Back to Blog

Big Data Security

Computer data security is on everyone’s mind. Concern over the protection of data has gone far beyond the realm of white hats and security experts. It is now firmly in the sights of the VC firms [Whats Big in Venture Capital] and even in the mainstream media[Sony Pictures Hack]. And Big Data is no exception. In fact, since there is so much Big Data and the value within that data is of such enormous value, enterprises face a daunting task when it comes to controlling access and insuring that only authorized users see it.

In the past, computer data security was a specialty. Each storage vendor had different mechanisms for protecting the data stored in their systems. These mechanisms included data encryption, user authentication, user authorization, and access auditing. Over time, the data encryption algorithms standardized, but there remained differences in the authentication and authorization implementations. This was not an undue burden as typically there was a single application that accessed a given pool of data and it was designed to use the specific authentication and authorization mechanism for that data pool.

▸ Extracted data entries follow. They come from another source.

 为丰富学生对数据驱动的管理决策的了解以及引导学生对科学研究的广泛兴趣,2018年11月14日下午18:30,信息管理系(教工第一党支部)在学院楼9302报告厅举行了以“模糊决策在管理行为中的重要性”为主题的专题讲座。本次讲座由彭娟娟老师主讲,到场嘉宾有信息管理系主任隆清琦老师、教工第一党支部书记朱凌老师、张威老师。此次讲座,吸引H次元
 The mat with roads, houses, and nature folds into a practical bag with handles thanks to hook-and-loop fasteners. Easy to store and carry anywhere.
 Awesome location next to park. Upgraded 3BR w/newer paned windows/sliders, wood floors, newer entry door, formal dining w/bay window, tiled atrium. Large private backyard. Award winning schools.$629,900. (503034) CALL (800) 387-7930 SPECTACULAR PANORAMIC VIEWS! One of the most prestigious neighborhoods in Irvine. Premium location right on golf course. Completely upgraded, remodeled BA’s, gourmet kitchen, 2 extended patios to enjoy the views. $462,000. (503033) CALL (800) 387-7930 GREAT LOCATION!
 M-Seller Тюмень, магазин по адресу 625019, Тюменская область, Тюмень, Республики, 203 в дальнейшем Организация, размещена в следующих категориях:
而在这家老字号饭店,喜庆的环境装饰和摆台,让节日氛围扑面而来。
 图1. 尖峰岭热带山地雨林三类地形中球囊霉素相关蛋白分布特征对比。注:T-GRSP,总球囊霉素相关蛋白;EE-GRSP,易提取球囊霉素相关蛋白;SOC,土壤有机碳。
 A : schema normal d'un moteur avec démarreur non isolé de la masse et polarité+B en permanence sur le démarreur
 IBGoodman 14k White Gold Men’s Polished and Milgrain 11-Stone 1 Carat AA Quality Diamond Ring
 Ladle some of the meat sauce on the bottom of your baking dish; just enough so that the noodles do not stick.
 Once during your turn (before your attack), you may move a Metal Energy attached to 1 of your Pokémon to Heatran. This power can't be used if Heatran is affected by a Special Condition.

Enter Big Data and the Data Lake Now there are many types of data, each with different levels of security and audit requirements, which must be accessed by an array of applications such as Spark, Hive, Impala, MapReduce, etc. These various types of data may all reside in a single enterprise data hub or remain in individual storage silos. In either case, the Big Data applications need to access multiple types of data simultaneously in order to do their analysis. Yet at the same time the user of the application must meet the proper authorization requirements for each type of data being accessed.

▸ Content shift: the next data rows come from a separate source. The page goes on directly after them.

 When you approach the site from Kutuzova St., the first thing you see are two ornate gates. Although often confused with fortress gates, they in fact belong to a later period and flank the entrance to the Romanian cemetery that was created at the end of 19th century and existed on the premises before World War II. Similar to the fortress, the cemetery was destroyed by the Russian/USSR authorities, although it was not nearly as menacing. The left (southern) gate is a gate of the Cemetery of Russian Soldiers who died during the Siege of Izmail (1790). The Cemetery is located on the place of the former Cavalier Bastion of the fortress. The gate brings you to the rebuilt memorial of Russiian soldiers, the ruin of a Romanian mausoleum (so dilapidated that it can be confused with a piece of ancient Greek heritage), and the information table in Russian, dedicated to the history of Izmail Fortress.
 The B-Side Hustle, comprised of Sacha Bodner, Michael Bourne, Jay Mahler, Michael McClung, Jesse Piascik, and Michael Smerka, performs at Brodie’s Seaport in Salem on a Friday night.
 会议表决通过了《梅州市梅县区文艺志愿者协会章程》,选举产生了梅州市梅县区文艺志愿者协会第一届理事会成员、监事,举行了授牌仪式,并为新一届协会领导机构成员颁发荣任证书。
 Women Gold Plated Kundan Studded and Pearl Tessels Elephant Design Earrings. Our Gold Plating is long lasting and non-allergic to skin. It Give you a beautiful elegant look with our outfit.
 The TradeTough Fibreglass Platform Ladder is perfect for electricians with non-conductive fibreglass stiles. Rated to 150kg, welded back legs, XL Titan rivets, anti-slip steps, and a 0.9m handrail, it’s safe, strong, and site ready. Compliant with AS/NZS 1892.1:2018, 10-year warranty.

While to some this seems like re-inventing the wheel, much work has been done on the security of Hadoop when running with a single HDFS.However, those enterprises that want to remain with storage silos and still run Big Data applications have had to modify those applications. Until now. With BlueData’s EPIC platform and its DataTAP technology, the data scientist will be able to run unmodified Big Data applications and securely access data from multiple storage silos using the authentication and authorization mechanism native to each silo. This will dramatically reduce the burden on the data scientist without compromising the security of the data. A big win for everyone.